Alma: Pixar Meets The Twilight Zone
The Avatar Dream
I like dreamers. What I like even more is people that stick to their dreams when everything tells them their dream is impossible. I have dreams, some are so big that I won’t even share them with most people, but I believe something is brewing and I will put the pieces of the puzzle together soon enough.

Having said that I read this article that I want to share. I am not the biggest fan of Avatar, saw it twice mainly because the first time I had just finished dinner and was so full I was falling asleep. I think the movie is a masterpiece in its technology and beauty, I love colors and there were plenty of colorful things there. Now, after reading this article I appreciate the movie even more. Avatar was a dream that if the dreamer had been too fast in making it there’s a chance it would’ve been a huge mistake.

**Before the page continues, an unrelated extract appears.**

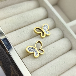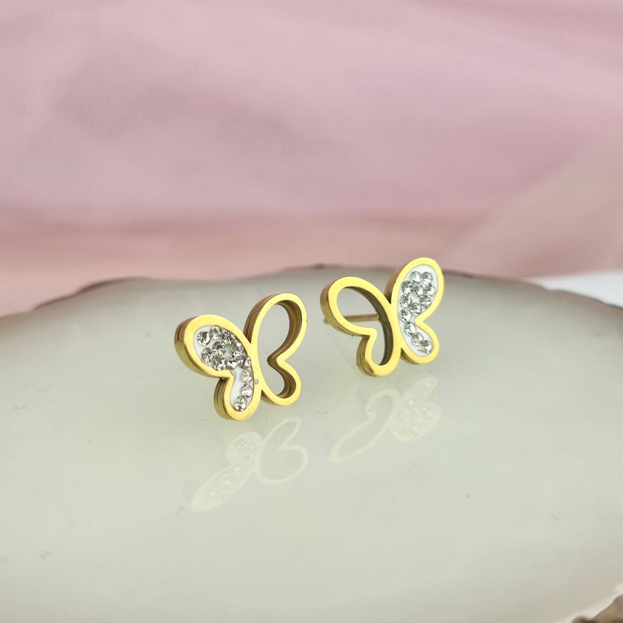 Biżuteria wykonana jest z najwyższej jakości stali chirurgicznej 316, która nie czernieje, nie uczula i jest w 100% hipoalergiczna. Kolczyki typu sztyfty/ wkręty w kształcie motyla, ozdobione z jednej strony cyrkoniami. Wysokość 1cm, szerokość 1,3 cm.

In 1977, a 22-year-old truck driver named James Cameron went to see Star Wars with a pal. His friend enjoyed the movie; Cameron walked out of the theater ready to punch something. He was a college dropout and spent his days delivering school lunches in Southern California’s Orange County. But in his free time, he painted tiny models and wrote science fiction — stories set in galaxies far, far away. Now he was facing a deflating reality: He had been daydreaming about the kind of world that Lucas had just brought to life. Star Wars was the film he should have made.
It got him so angry he bought himself some cheap movie equipment and started trying to figure out how Lucas had done it. He infuriated his wife by setting up blindingly bright lights in the living room and rolling a camera along a track to practice dolly shots. He spent days scouring the USC library, reading everything he could about special effects. He became, in his own words, “completely obsessed.”